====== MATERIAL FOR THIS TASK ======

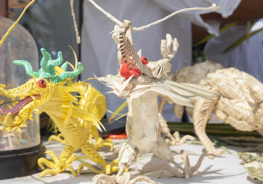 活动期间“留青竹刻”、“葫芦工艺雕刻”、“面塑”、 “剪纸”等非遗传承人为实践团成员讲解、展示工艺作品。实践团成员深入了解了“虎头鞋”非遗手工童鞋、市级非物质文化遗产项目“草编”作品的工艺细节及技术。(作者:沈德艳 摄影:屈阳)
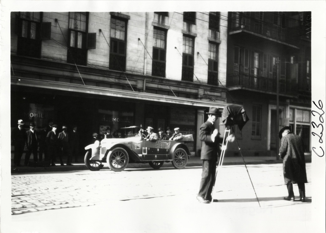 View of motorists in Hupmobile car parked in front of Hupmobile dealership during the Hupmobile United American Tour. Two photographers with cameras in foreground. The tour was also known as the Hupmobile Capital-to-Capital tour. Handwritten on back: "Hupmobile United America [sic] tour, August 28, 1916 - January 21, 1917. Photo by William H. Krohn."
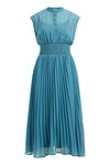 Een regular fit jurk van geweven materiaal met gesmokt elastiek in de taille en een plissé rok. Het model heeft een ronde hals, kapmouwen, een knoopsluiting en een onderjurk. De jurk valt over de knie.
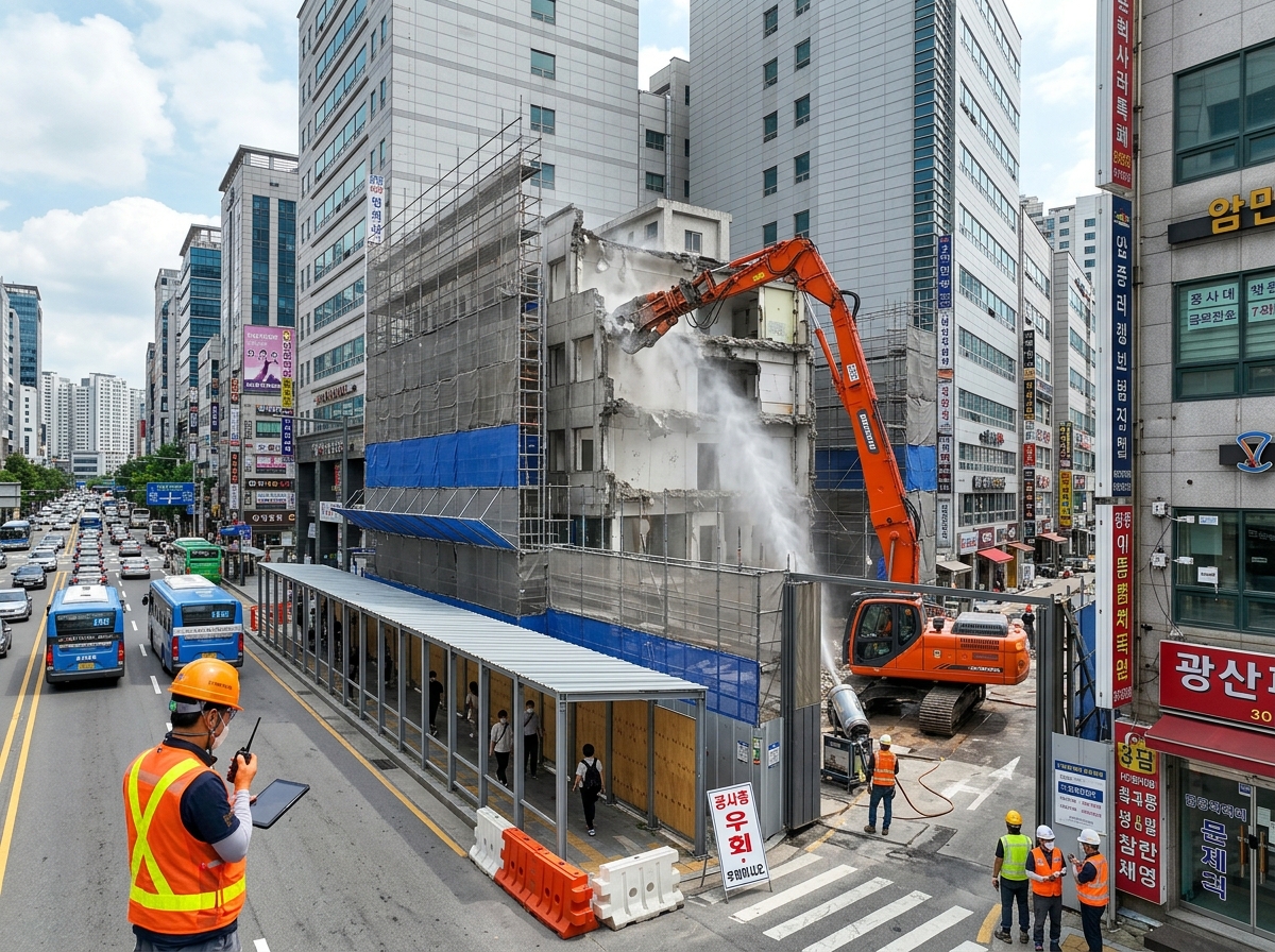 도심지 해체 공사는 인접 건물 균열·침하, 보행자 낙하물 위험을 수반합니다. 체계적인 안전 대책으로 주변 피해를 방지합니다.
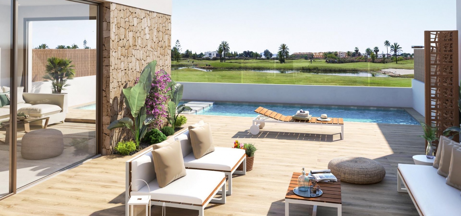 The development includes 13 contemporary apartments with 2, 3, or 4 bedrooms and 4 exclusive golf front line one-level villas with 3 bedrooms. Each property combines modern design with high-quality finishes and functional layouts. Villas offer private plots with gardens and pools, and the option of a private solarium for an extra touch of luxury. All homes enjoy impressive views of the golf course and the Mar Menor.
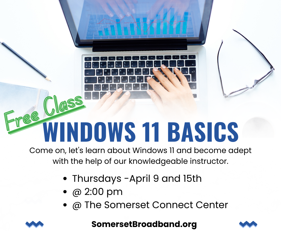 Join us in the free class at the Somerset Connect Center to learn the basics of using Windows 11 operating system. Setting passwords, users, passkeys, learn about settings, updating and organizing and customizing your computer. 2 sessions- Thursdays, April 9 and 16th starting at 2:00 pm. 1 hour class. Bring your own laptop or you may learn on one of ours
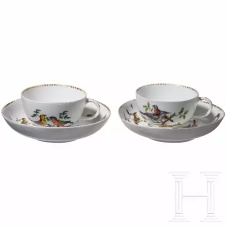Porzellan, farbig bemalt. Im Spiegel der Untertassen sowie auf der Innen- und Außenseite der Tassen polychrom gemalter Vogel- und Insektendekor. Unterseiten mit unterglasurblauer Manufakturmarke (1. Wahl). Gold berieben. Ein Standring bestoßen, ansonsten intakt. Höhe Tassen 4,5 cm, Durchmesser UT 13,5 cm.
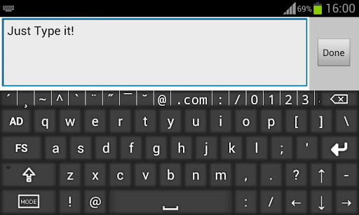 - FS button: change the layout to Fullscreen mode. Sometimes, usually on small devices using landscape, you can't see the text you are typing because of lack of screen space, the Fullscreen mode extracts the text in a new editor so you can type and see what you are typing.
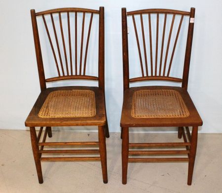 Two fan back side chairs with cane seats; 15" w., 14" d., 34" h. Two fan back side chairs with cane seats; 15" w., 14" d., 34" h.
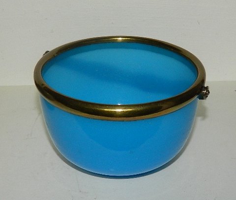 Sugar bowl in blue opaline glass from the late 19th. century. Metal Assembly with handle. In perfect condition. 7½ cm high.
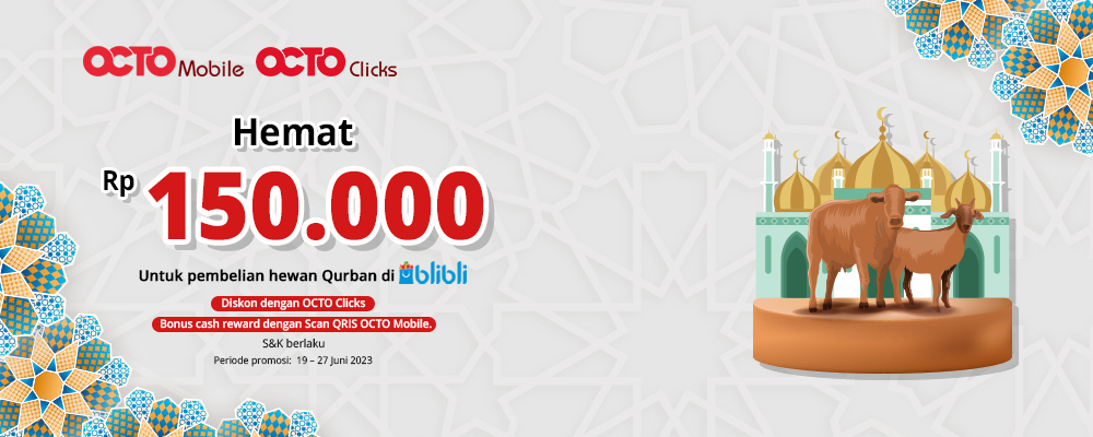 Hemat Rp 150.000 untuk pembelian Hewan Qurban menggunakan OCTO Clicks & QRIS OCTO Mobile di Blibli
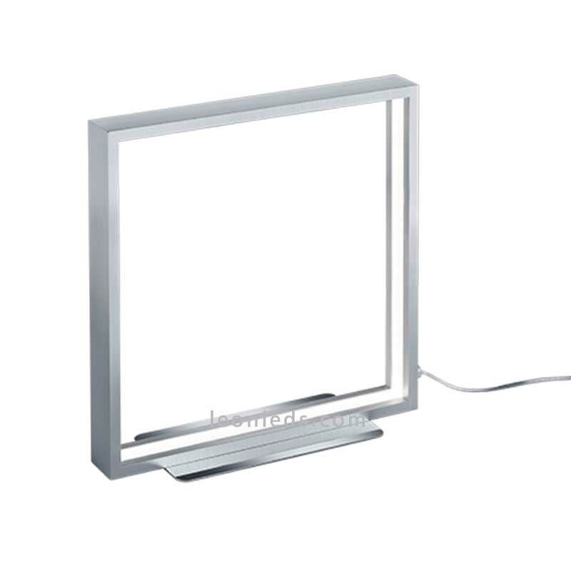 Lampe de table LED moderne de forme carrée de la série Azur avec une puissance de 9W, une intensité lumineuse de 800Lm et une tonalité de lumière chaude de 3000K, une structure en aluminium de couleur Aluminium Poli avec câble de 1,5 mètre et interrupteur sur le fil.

======

DIRECTIONS FOR THIS TASK: Make an exact copy of all entries above, dropping the images.

SOLUTION BELOW:
 活动期间“留青竹刻”、“葫芦工艺雕刻”、“面塑”、 “剪纸”等非遗传承人为实践团成员讲解、展示工艺作品。实践团成员深入了解了“虎头鞋”非遗手工童鞋、市级非物质文化遗产项目“草编”作品的工艺细节及技术。(作者:沈德艳 摄影:屈阳)
 View of motorists in Hupmobile car parked in front of Hupmobile dealership during the Hupmobile United American Tour. Two photographers with cameras in foreground. The tour was also known as the Hupmobile Capital-to-Capital tour. Handwritten on back: "Hupmobile United America [sic] tour, August 28, 1916 - January 21, 1917. Photo by William H. Krohn."
 Een regular fit jurk van geweven materiaal met gesmokt elastiek in de taille en een plissé rok. Het model heeft een ronde hals, kapmouwen, een knoopsluiting en een onderjurk. De jurk valt over de knie.
 도심지 해체 공사는 인접 건물 균열·침하, 보행자 낙하물 위험을 수반합니다. 체계적인 안전 대책으로 주변 피해를 방지합니다.
 The development includes 13 contemporary apartments with 2, 3, or 4 bedrooms and 4 exclusive golf front line one-level villas with 3 bedrooms. Each property combines modern design with high-quality finishes and functional layouts. Villas offer private plots with gardens and pools, and the option of a private solarium for an extra touch of luxury. All homes enjoy impressive views of the golf course and the Mar Menor.
 Join us in the free class at the Somerset Connect Center to learn the basics of using Windows 11 operating system. Setting passwords, users, passkeys, learn about settings, updating and organizing and customizing your computer. 2 sessions- Thursdays, April 9 and 16th starting at 2:00 pm. 1 hour class. Bring your own laptop or you may learn on one of ours
Porzellan, farbig bemalt. Im Spiegel der Untertassen sowie auf der Innen- und Außenseite der Tassen polychrom gemalter Vogel- und Insektendekor. Unterseiten mit unterglasurblauer Manufakturmarke (1. Wahl). Gold berieben. Ein Standring bestoßen, ansonsten intakt. Höhe Tassen 4,5 cm, Durchmesser UT 13,5 cm.
 - FS button: change the layout to Fullscreen mode. Sometimes, usually on small devices using landscape, you can't see the text you are typing because of lack of screen space, the Fullscreen mode extracts the text in a new editor so you can type and see what you are typing.
 Two fan back side chairs with cane seats; 15" w., 14" d., 34" h. Two fan back side chairs with cane seats; 15" w., 14" d., 34" h.
 Sugar bowl in blue opaline glass from the late 19th. century. Metal Assembly with handle. In perfect condition. 7½ cm high.
 Hemat Rp 150.000 untuk pembelian Hewan Qurban menggunakan OCTO Clicks & QRIS OCTO Mobile di Blibli
 Lampe de table LED moderne de forme carrée de la série Azur avec une puissance de 9W, une intensité lumineuse de 800Lm et une tonalité de lumière chaude de 3000K, une structure en aluminium de couleur Aluminium Poli avec câble de 1,5 mètre et interrupteur sur le fil.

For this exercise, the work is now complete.